Private Cops

Several people have pointed me to a disturbing article in the Washington Post — The Private Arm of the Law — about the proliferation of private security forces and their use by police departments.

With the sleeve patch on his black shirt, the 9mm gun on his hip and the blue light on his patrol car, he looked like an ordinary police officer as he stopped the car on a Friday night last month. Watt works, though, for a business called Capitol Special Police. It is one of dozens of private security companies given police powers by the state of North Carolina — and part of a pattern across the United States in which public safety is shifting into private hands.

Private firms with outright police powers have been proliferating in some places — and trying to expand their terrain. The “company police agencies,” as businesses such as Capitol Special Police are called here, are lobbying the state legislature to broaden their jurisdiction, currently limited to the private property of those who hire them, to adjacent streets. […]

Private security guards have outnumbered police officers since the 1980s, predating the heightened concern about security brought on by the Sept. 11, 2001, attacks. What is new is that police forces, including the Durham Police Department here in North Carolina’s Research Triangle, are increasingly turning to private companies for help. […]
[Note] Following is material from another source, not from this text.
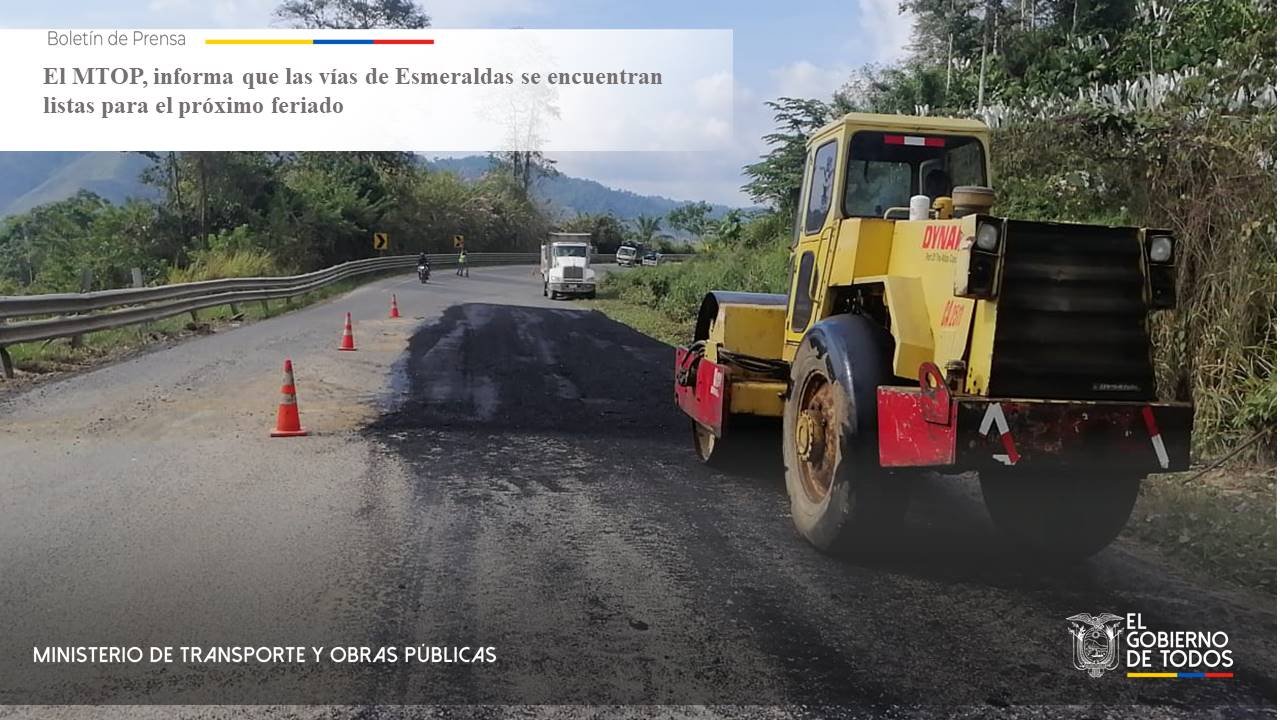 El MTOP informa que las vías de Esmeraldas se encuentran listas para el próximo feriado

“You can see the public police becoming like the public health system,” said Thomas M. Seamon, a former deputy police commissioner for Philadelphia who is president of Hallcrest Systems Inc., a leading security consultant. “It’s basically, the government provides a certain base level. If you want more than that, you pay for it yourself.” […]

The trend is triggering debate over whether the privatization of public safety is wise. Some police and many security officials say communities benefit from the extra eyes and ears. Yet civil libertarians, academics, tenants rights organizations and even a trade group that represents the nation’s large security firms say some private security officers are not adequately trained or regulated. Ten states in the South and West do not regulate them at all.

Some warn, too, that the constitutional safeguards that cover police questioning and searches do not apply in the private sector. [emphasis added]

This is disturbing on a whole bunch of levels. Will we see the lobbying efforts of private police like we do with the private prison industry? We have a tough enough time with corruption in the regular police force — how will we control that with private cops?

But here’s the part that disturbs me the most. Imagine that the private cops get their wish and can patrol the adjoining streets. And assume the article is right in that private cops don’t have the same constitutional limitations as regular police…

I can envision a future scenario where the kind of abuses inherent in the structure of the multi-jursidictional drug task forces get brought to a whole new level….

Let’s say a merchant’s association (under heavy encouragement from the police) hires some private security guards. Since a whole lot of merchants (at least one on each main street) are involved, the security guards can patrol anywhere. Although ostensibly working for the merchant’s association, the security guard works with a police task force going through town rousting people on the streets. The security guard, unfettered by constitutional restrictions, searches anybody they encounter who is young, black, hispanic, or poor, including those driving through. If he finds drugs he turns the person over to the accompanying cops for the arrest.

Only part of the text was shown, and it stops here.